We see two ambulances outside of a hospital. Mohamed Solaimane/TNH
Ambulances delivering victims to the emergency room at Nasser Medical Center in the city of Khan Younis in the southern Gaza Strip. A third of the hospitals in the enclave have been forced to shut down by Israeli airstrikes and fuel shortages.

After 26 days of intense Israeli shelling and bombing, healthcare workers in the Gaza Strip are feeling the enormous strain of attending to a constant stream of wounded and dead, with insufficient medical supplies and an electricity supply dependent on back-up generators running low on fuel. Many of the victims they see are children, sometimes their own. 

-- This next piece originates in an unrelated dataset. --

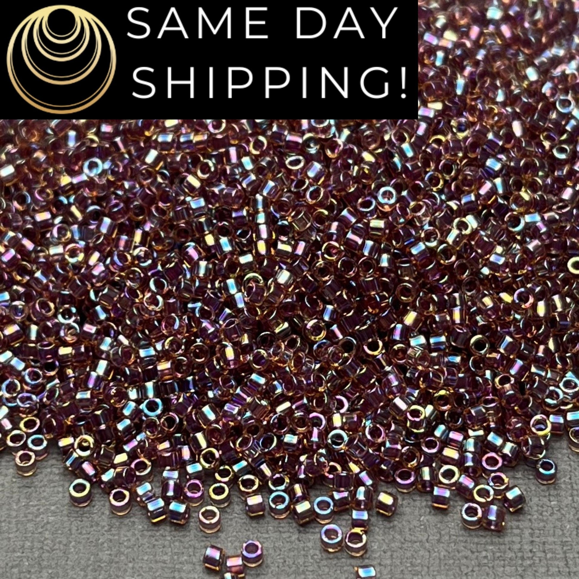 DB091 (1 gram-20 grams) Miyuki Size 11/0 Delica Beads Cranberry Lined Light Topaz AB-Free Container! Same Day Shipping!

Mohamed Abu Mousa, a radiologist, has only left work at the Nasser Medical Centre in the southern Gazan city of Khan Younis for a couple of hours since Israel began bombing the enclave on 7 October. One of his few trips outside the hospital was to bury his son, Youssef. 

The seven-year-old was killed – along with one of Abu Mousa’s nephews – when the family’s home was reduced to rubble by an Israeli airstrike on 15 October. After laying his son to rest, he immediately returned to the radiology clinic to continue working.

“We don’t have the luxury of pausing to grieve,” Abu Mousa, composed yet exhausted, told The New Humanitarian. “The heartache is immense, but the wounded are endless. We have to keep going.”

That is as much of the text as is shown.